▶ Task: A verbatim copy of the listing is what is needed, minus any pictures.

▶ Data:
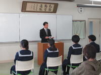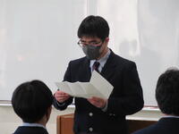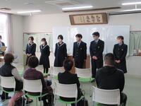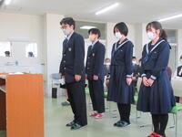 春先うららかな季節を迎えたこの良き日に、私たち新入寮生6名のために、このように厳粛な雰囲気の中で、入寮式を開いていただき、誠にありがとうございます。また、両校の校長先生をはじめとして、多くの先生方や先輩型に温かく迎えていただき、大変うれしく思っています。
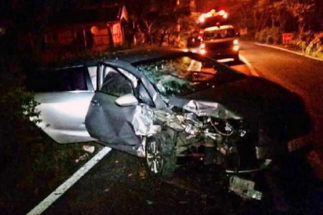 A vehicle driven by a man in his 20s crashed into a street tree while under the influence, leaving it heavily damaged. Public calls for stronger penalties for drunk driving continue to grow. (Provided by Jeonju Deokjin Fire Station)
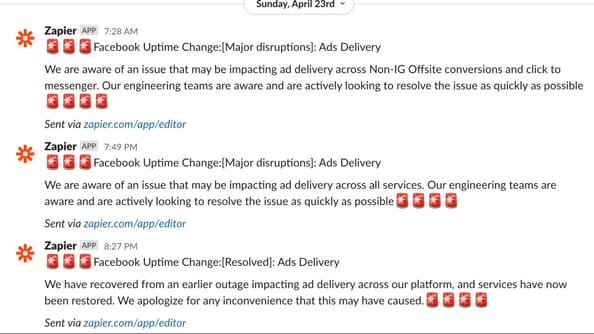 3️⃣ Zapier Alerts: The Pilothouse team utilizes Zapier alerts that feed into their Slack workspace for media buyers. The alerts sound when Meta posts a disruption notification.
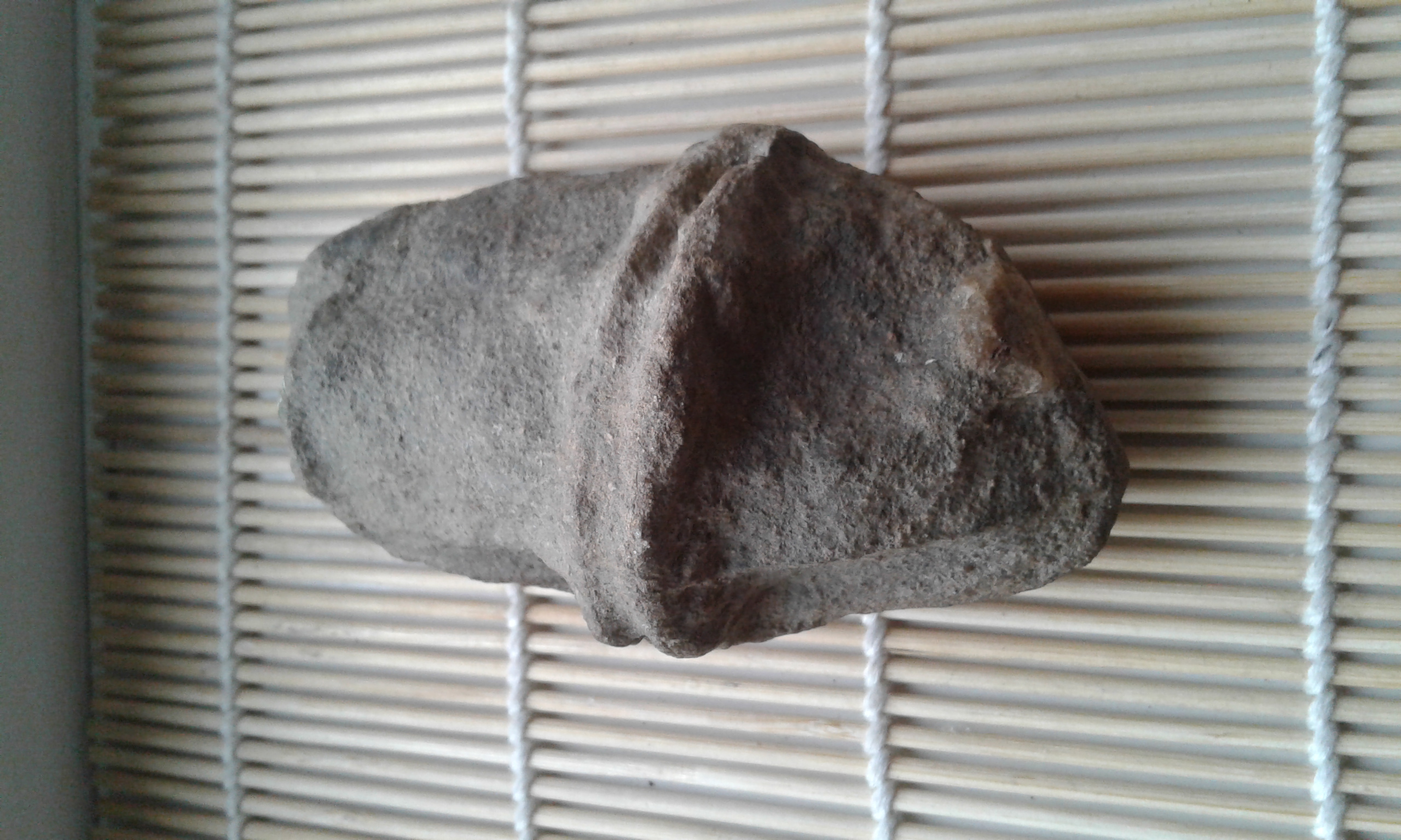 Zachowując daleko idącą ostrożność powiem, że ów okaz posiada wiele cech rolniczego toporka z neolitu. Kolega archeolog odpowiedział: "Neolit. Albo zużyty podczas prac polowych albo niedokończony przez wyrobnika". Ja też się orientuję, gdy chodzi o zabytki archeologiczne (lubię książki dotyczące historii). Mówię szczerze.
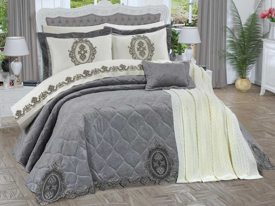 Örtü üzeri ve kenarları fransız güpürü ile dikilerek ürün modern ve zerafet dolu bir hal almıştır.
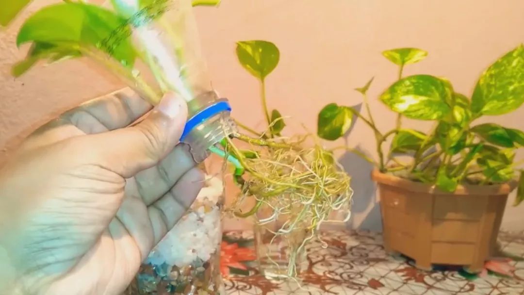 这样就能保证水培扦插的绿萝枝条根系长得更旺盛,加入水培溶液之后,绿萝的叶子会更有光泽,根系也长得更加旺盛了。
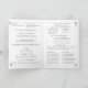 Inside text is displayed in the traditional format for a Catholic Nuptial Mass program and features room for up to seven bridesmaids and groomsmen.
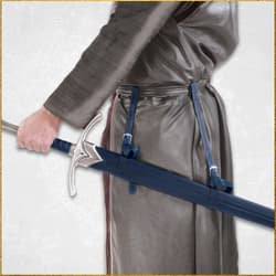 Measuring 39 inches overall, the Glamdring scabbard features a genuine leather wrap and straps, complemented by solid metal collar, fittings, buckles, and tip finished in antiqued metal for an authentic look. Each scabbard includes a parchment certificate of authenticity, making it a perfect addition for collectors and fans who wish to showcase a piece of cinematic history.
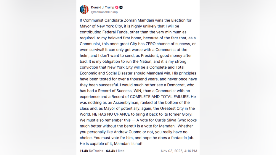 "It is my obligation to run the nation, and it is my strong conviction that New York City will be a complete and total economic and social disaster should Mamdani win," Trump wrote, adding that Mamdani, a former state assemblyman, was "nothing as an assemblyman."
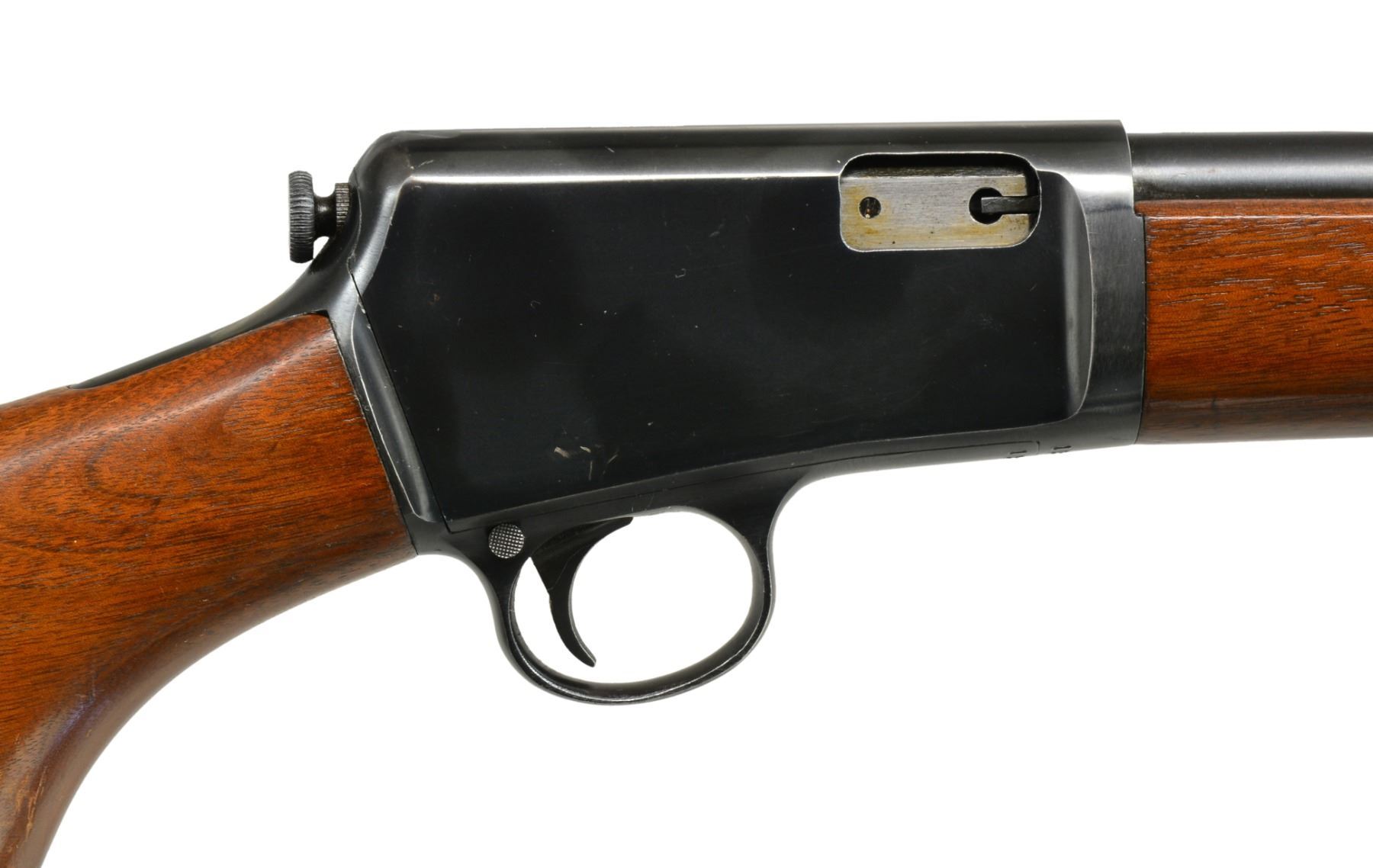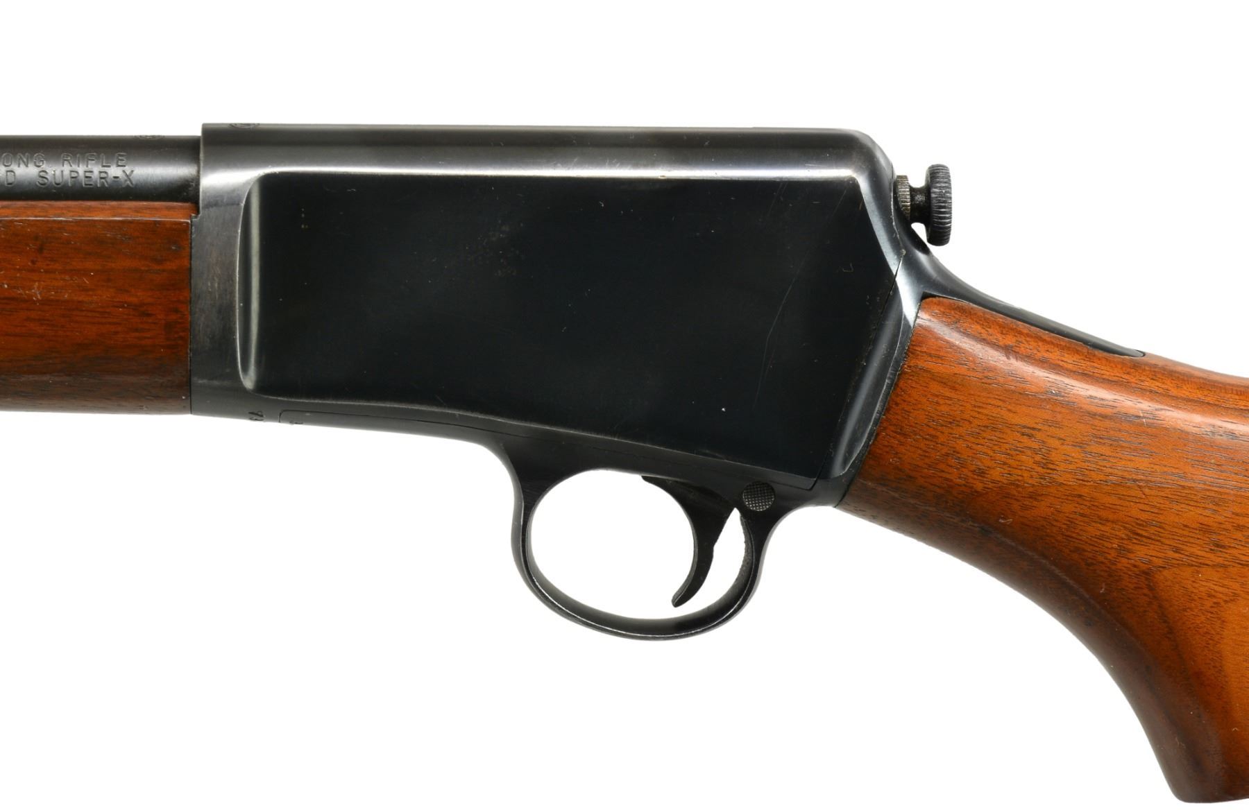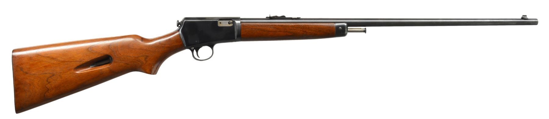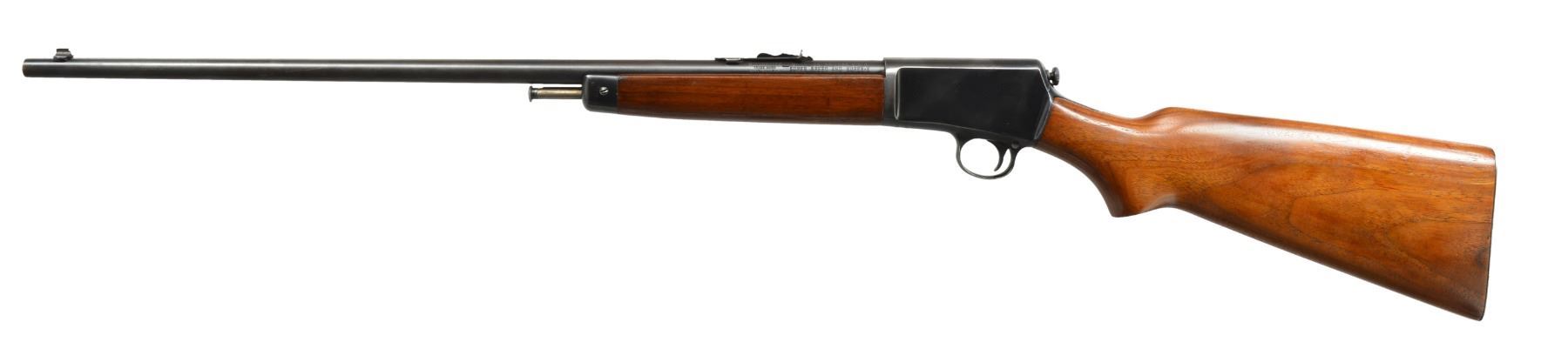 Cal. 22 LR for Super Speed or Super X ammo. S# 112826A. Bbl. 23" rnd. w/ sporting sights. Smooth top receiver. Walnut forearm & pistol grip stock w/ tubular mag. that loads through steel buttplate. 1936 Mfg. CONDITION: bbl. & action retain over 90% lightly faded blue showing mild edge wear & scattered light scratches. Refinished wood shows scattered sm. scratches & marks. Bore is bright w/ strong rifling. (20-741/DS). CURIO. $500-700.

▶ Output of the task:
 春先うららかな季節を迎えたこの良き日に、私たち新入寮生6名のために、このように厳粛な雰囲気の中で、入寮式を開いていただき、誠にありがとうございます。また、両校の校長先生をはじめとして、多くの先生方や先輩型に温かく迎えていただき、大変うれしく思っています。
 A vehicle driven by a man in his 20s crashed into a street tree while under the influence, leaving it heavily damaged. Public calls for stronger penalties for drunk driving continue to grow. (Provided by Jeonju Deokjin Fire Station)
 3️⃣ Zapier Alerts: The Pilothouse team utilizes Zapier alerts that feed into their Slack workspace for media buyers. The alerts sound when Meta posts a disruption notification.
 Zachowując daleko idącą ostrożność powiem, że ów okaz posiada wiele cech rolniczego toporka z neolitu. Kolega archeolog odpowiedział: "Neolit. Albo zużyty podczas prac polowych albo niedokończony przez wyrobnika". Ja też się orientuję, gdy chodzi o zabytki archeologiczne (lubię książki dotyczące historii). Mówię szczerze.
 Örtü üzeri ve kenarları fransız güpürü ile dikilerek ürün modern ve zerafet dolu bir hal almıştır.
 这样就能保证水培扦插的绿萝枝条根系长得更旺盛,加入水培溶液之后,绿萝的叶子会更有光泽,根系也长得更加旺盛了。
 Inside text is displayed in the traditional format for a Catholic Nuptial Mass program and features room for up to seven bridesmaids and groomsmen.
 Measuring 39 inches overall, the Glamdring scabbard features a genuine leather wrap and straps, complemented by solid metal collar, fittings, buckles, and tip finished in antiqued metal for an authentic look. Each scabbard includes a parchment certificate of authenticity, making it a perfect addition for collectors and fans who wish to showcase a piece of cinematic history.
 "It is my obligation to run the nation, and it is my strong conviction that New York City will be a complete and total economic and social disaster should Mamdani win," Trump wrote, adding that Mamdani, a former state assemblyman, was "nothing as an assemblyman."
 Cal. 22 LR for Super Speed or Super X ammo. S# 112826A. Bbl. 23" rnd. w/ sporting sights. Smooth top receiver. Walnut forearm & pistol grip stock w/ tubular mag. that loads through steel buttplate. 1936 Mfg. CONDITION: bbl. & action retain over 90% lightly faded blue showing mild edge wear & scattered light scratches. Refinished wood shows scattered sm. scratches & marks. Bore is bright w/ strong rifling. (20-741/DS). CURIO. $500-700.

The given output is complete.